*** Opening of Dataset extract ***

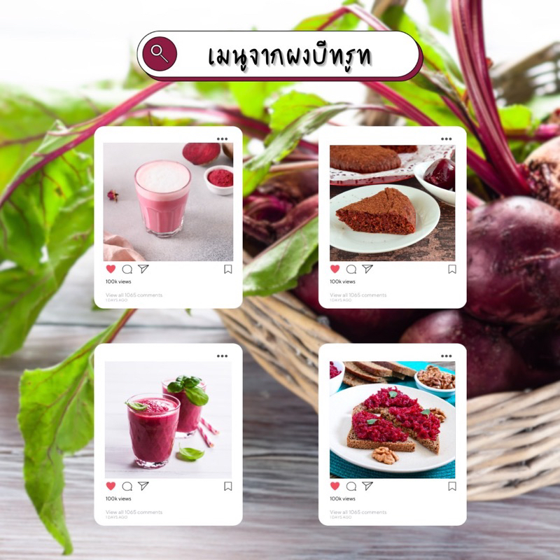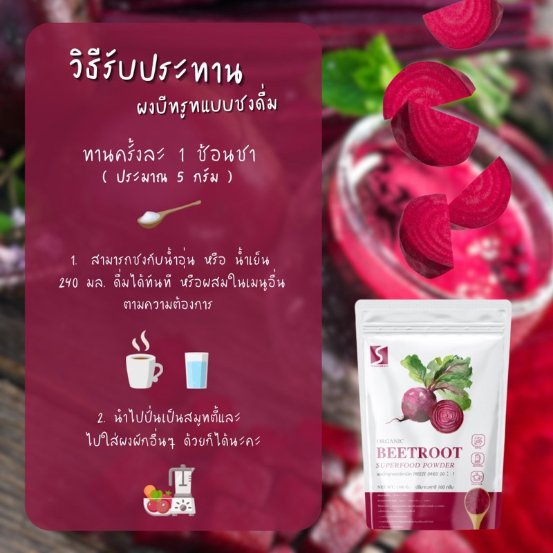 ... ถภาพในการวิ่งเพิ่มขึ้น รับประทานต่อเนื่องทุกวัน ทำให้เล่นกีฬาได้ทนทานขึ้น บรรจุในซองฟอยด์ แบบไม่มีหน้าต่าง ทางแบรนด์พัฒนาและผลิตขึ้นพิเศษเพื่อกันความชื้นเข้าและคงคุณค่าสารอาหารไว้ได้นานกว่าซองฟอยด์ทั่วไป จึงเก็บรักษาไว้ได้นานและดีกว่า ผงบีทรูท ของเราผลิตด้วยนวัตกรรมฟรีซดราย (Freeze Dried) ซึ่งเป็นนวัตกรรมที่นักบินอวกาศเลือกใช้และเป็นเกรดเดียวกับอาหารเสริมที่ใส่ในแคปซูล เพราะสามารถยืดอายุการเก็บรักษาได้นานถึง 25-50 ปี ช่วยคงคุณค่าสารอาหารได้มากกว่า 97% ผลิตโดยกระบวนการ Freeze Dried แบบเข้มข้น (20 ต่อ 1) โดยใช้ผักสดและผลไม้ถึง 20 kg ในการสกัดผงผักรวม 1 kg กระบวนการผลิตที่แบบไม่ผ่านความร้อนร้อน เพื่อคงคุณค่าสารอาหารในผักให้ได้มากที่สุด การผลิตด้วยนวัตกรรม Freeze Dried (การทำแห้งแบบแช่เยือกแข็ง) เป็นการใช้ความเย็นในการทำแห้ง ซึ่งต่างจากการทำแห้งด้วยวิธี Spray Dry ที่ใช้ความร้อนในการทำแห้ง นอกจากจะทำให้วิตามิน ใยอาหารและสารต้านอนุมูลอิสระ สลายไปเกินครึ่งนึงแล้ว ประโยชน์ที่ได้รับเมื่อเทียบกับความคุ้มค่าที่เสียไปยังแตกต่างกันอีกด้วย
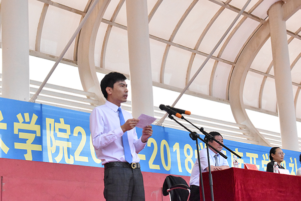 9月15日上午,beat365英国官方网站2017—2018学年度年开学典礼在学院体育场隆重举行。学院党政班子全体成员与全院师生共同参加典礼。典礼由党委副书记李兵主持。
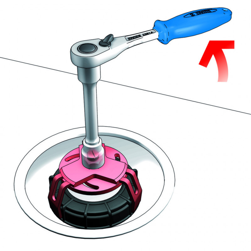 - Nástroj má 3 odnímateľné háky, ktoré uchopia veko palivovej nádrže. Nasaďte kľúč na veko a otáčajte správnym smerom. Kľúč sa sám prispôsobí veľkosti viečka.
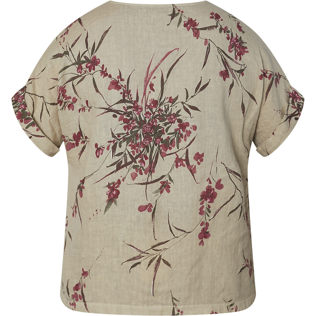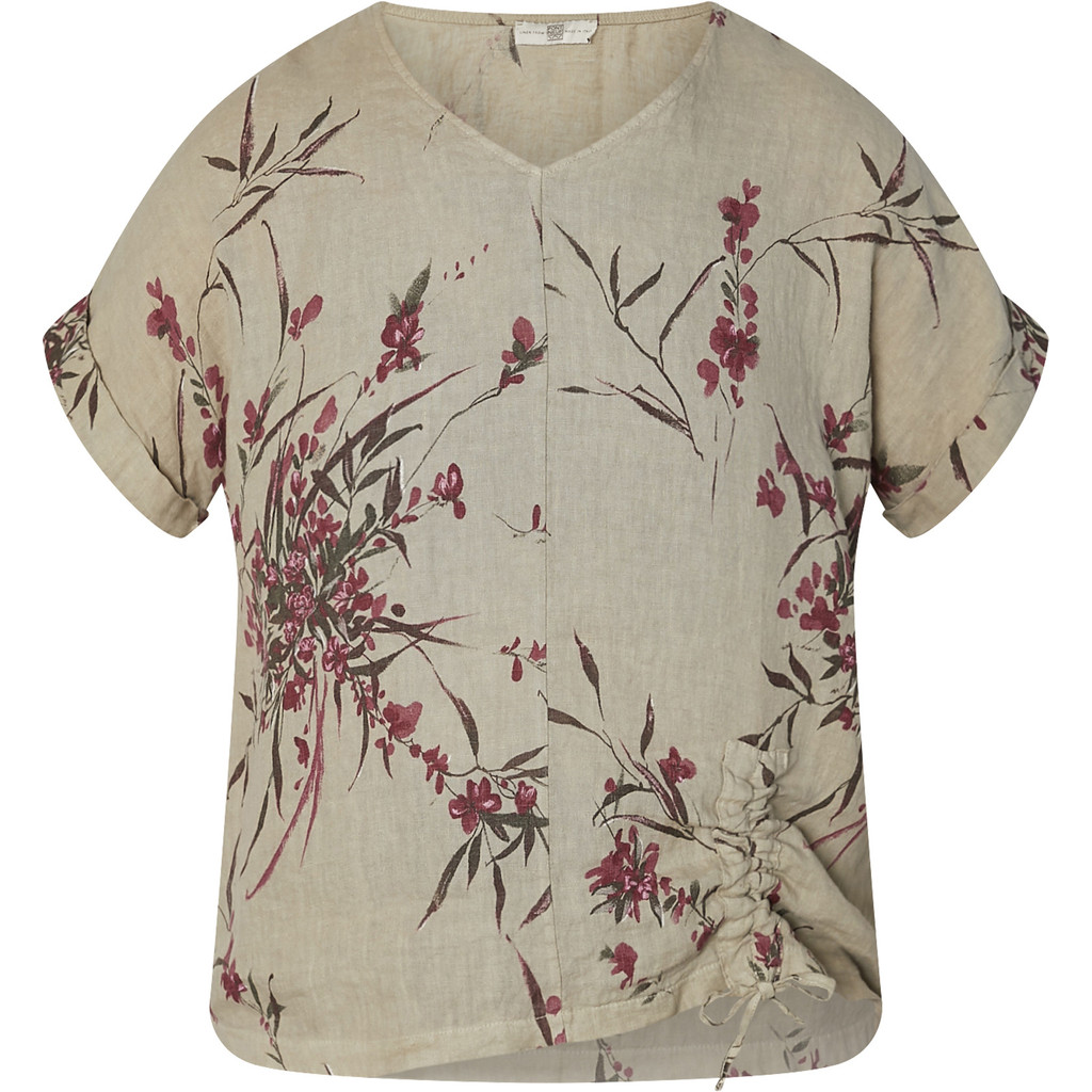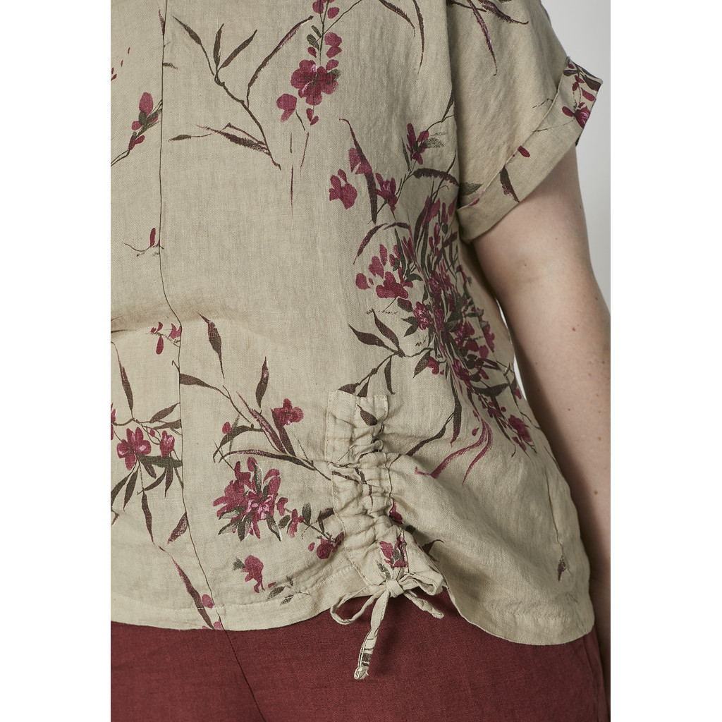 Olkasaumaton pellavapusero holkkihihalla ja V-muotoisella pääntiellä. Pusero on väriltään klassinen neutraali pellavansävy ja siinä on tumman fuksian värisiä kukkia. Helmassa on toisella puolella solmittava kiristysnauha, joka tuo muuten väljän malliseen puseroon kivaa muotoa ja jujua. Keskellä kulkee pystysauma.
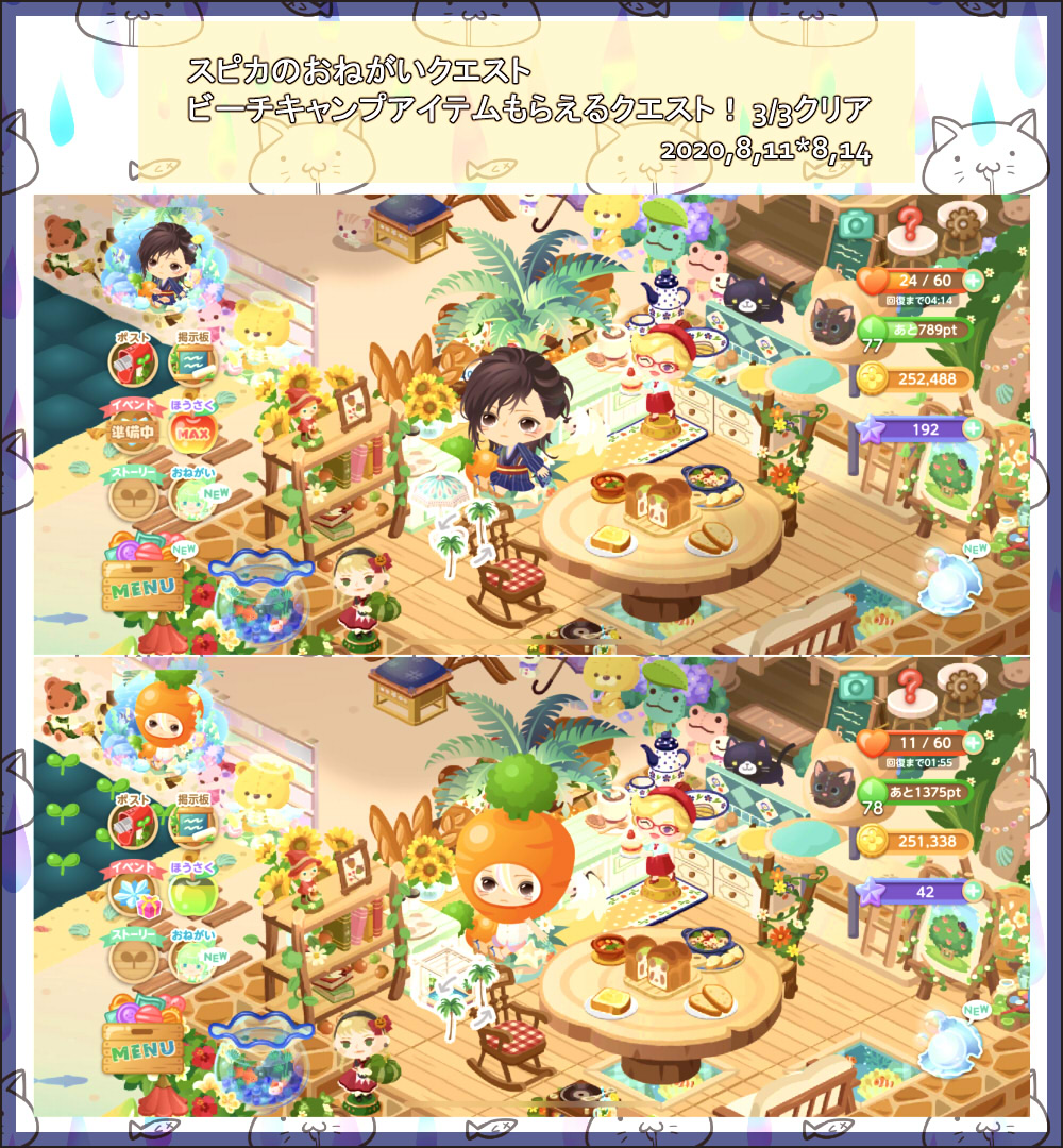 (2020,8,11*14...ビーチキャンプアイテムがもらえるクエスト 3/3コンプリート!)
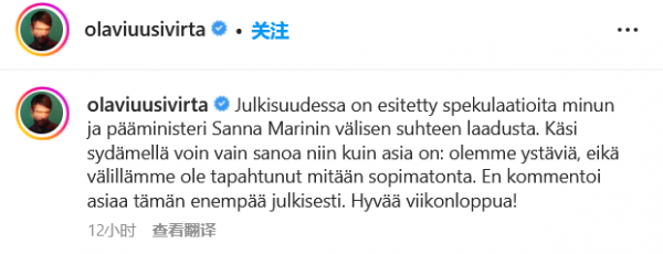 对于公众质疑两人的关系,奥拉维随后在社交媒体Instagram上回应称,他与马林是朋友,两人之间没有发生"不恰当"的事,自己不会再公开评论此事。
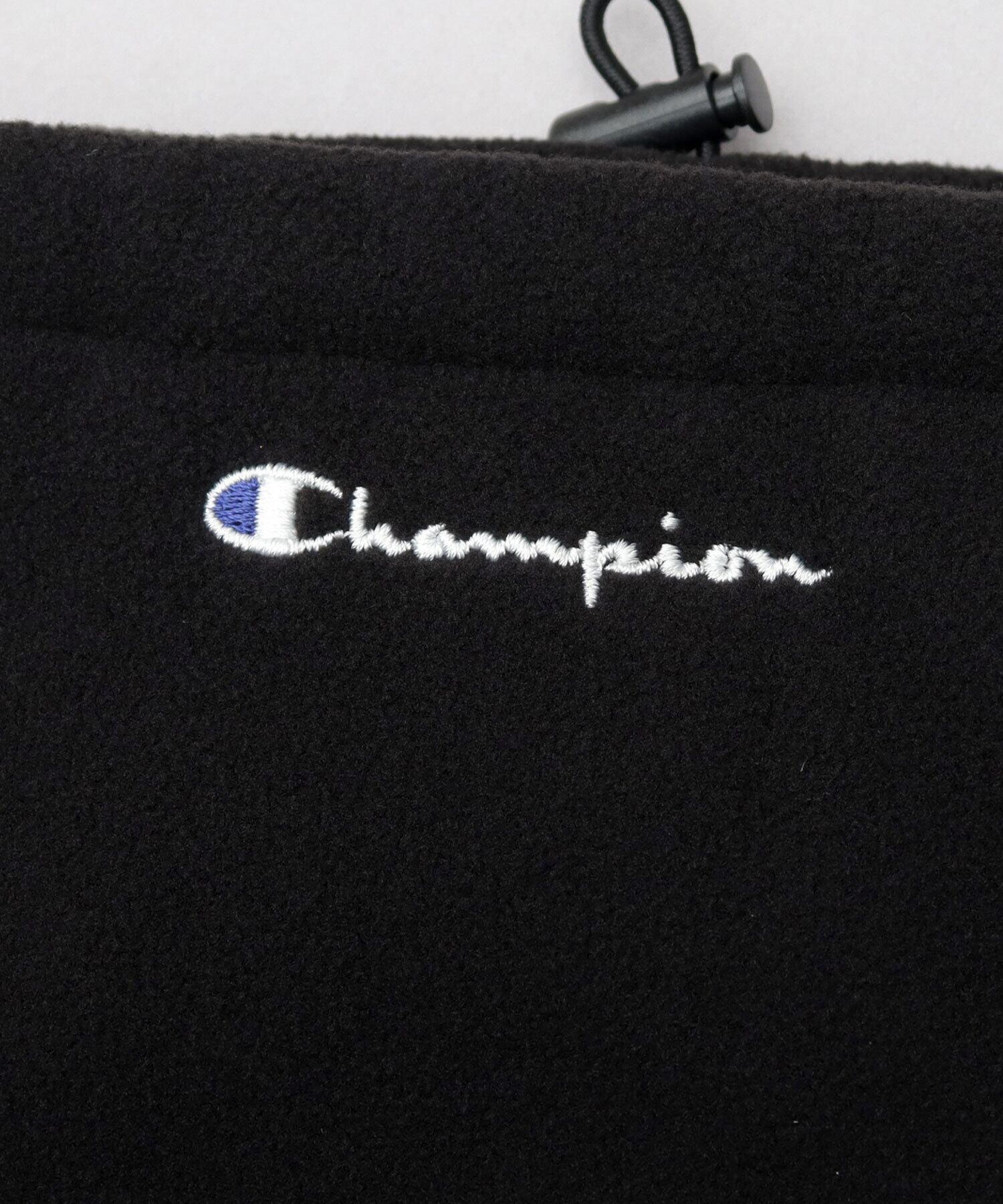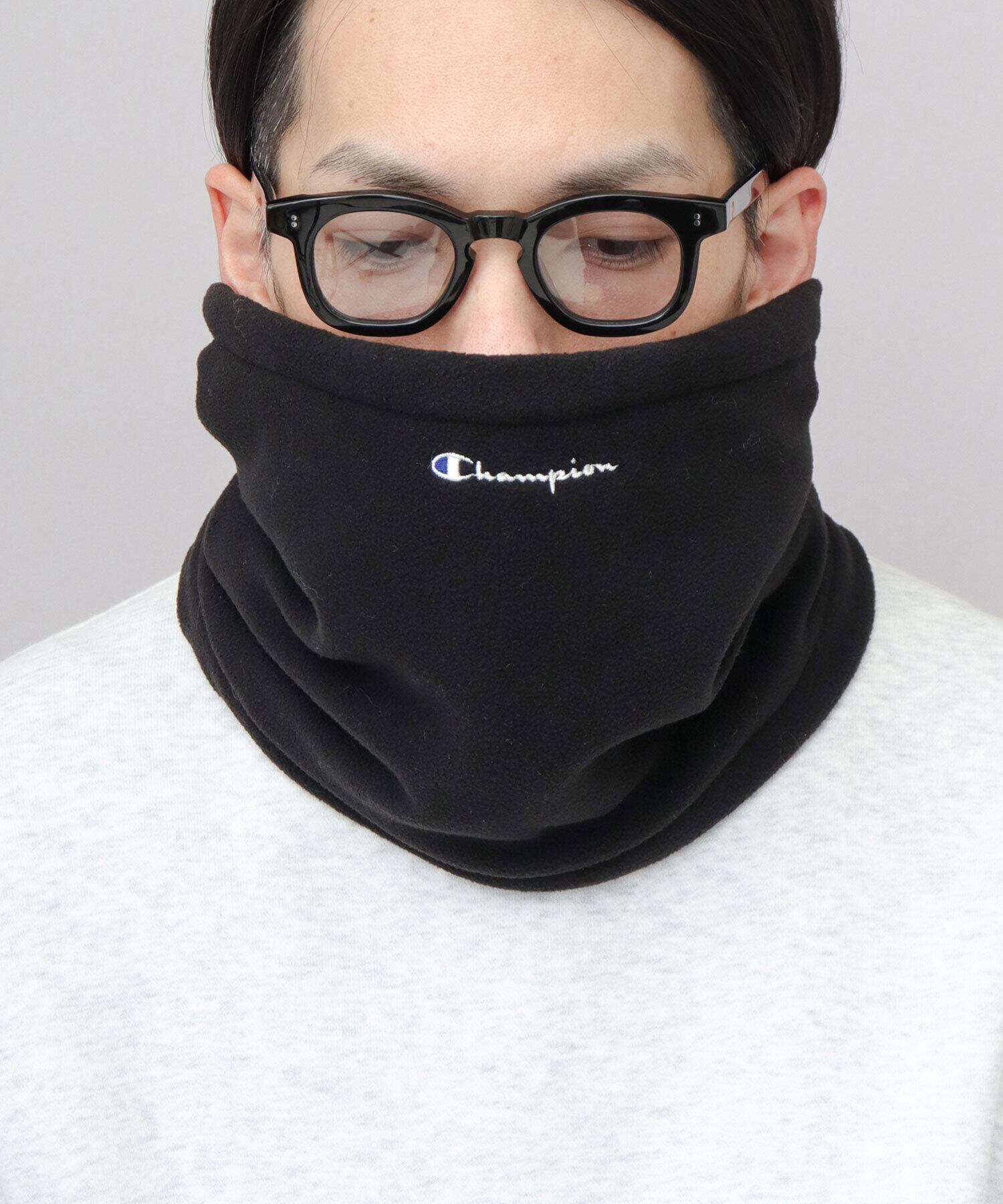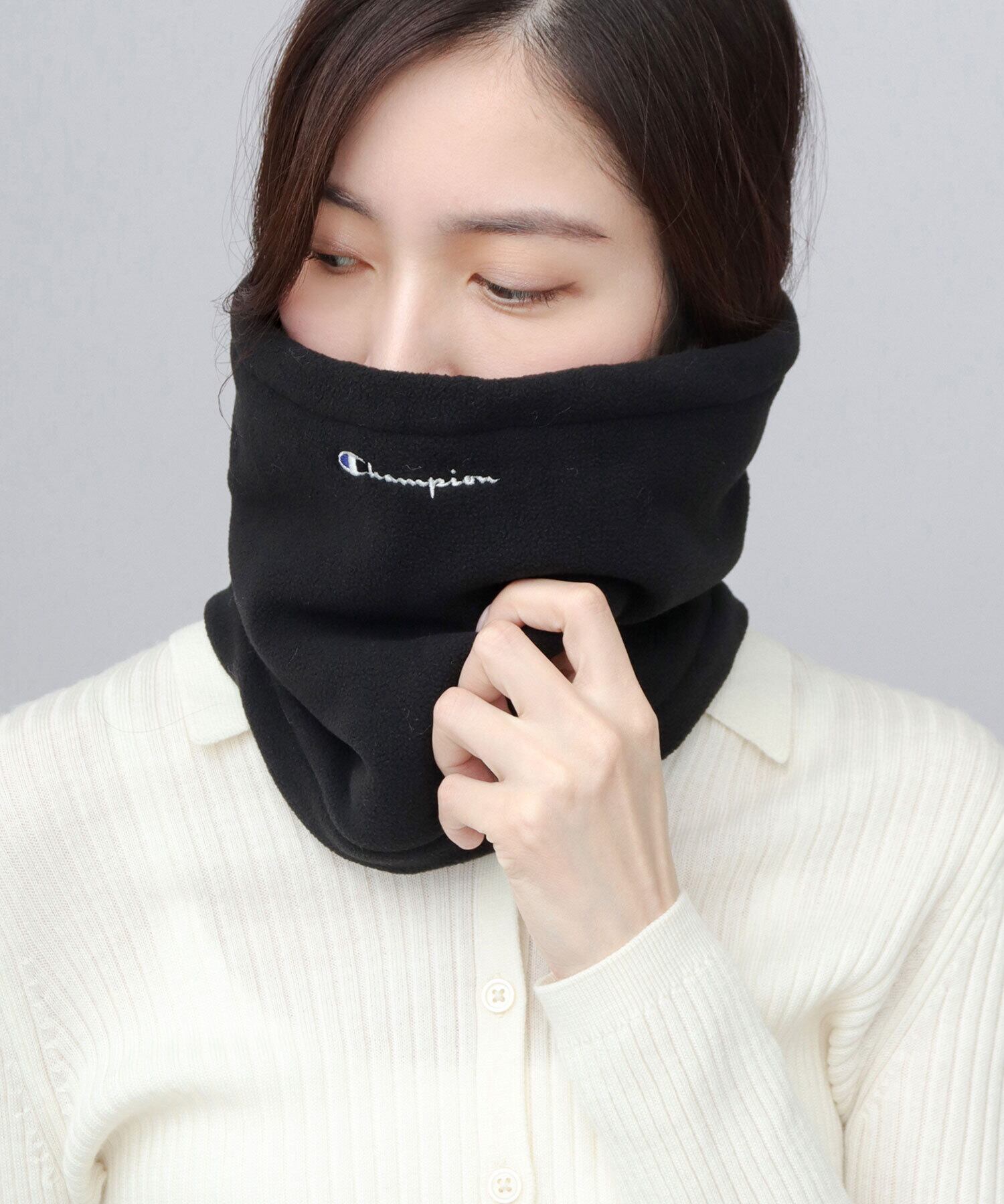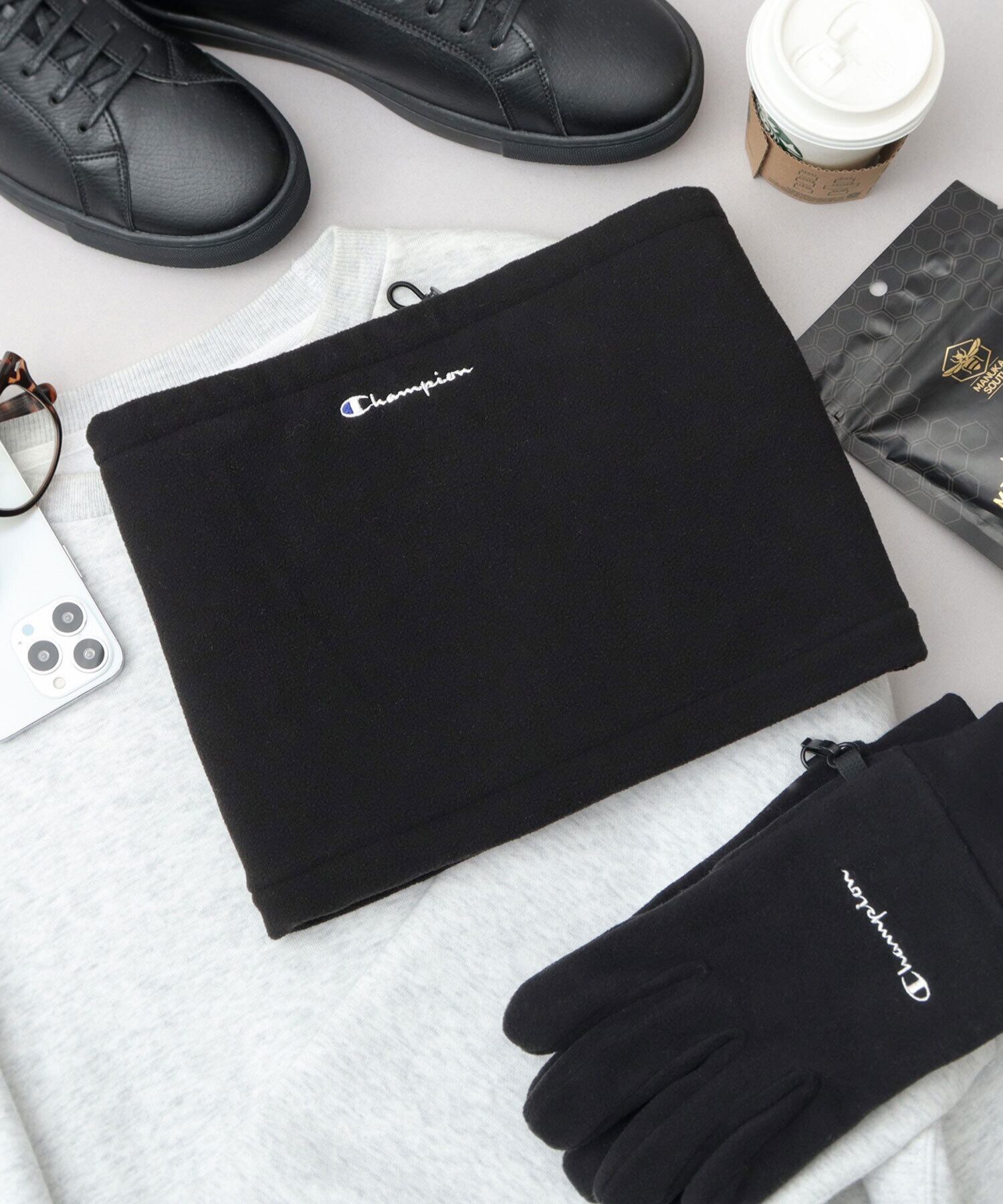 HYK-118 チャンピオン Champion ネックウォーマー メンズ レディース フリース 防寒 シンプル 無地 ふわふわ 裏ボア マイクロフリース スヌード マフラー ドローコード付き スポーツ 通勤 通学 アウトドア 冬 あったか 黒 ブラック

*** Close of Dataset extract ***

_Task directions:_ Set down exactly the lines between the line containing "- Nástroj má" and the end of the records above, both ends included; pictures stay out.

_Solution below:_
 - Nástroj má 3 odnímateľné háky, ktoré uchopia veko palivovej nádrže. Nasaďte kľúč na veko a otáčajte správnym smerom. Kľúč sa sám prispôsobí veľkosti viečka.
 Olkasaumaton pellavapusero holkkihihalla ja V-muotoisella pääntiellä. Pusero on väriltään klassinen neutraali pellavansävy ja siinä on tumman fuksian värisiä kukkia. Helmassa on toisella puolella solmittava kiristysnauha, joka tuo muuten väljän malliseen puseroon kivaa muotoa ja jujua. Keskellä kulkee pystysauma.
 (2020,8,11*14...ビーチキャンプアイテムがもらえるクエスト 3/3コンプリート!)
 对于公众质疑两人的关系,奥拉维随后在社交媒体Instagram上回应称,他与马林是朋友,两人之间没有发生"不恰当"的事,自己不会再公开评论此事。
 HYK-118 チャンピオン Champion ネックウォーマー メンズ レディース フリース 防寒 シンプル 無地 ふわふわ 裏ボア マイクロフリース スヌード マフラー ドローコード付き スポーツ 通勤 通学 アウトドア 冬 あったか 黒 ブラック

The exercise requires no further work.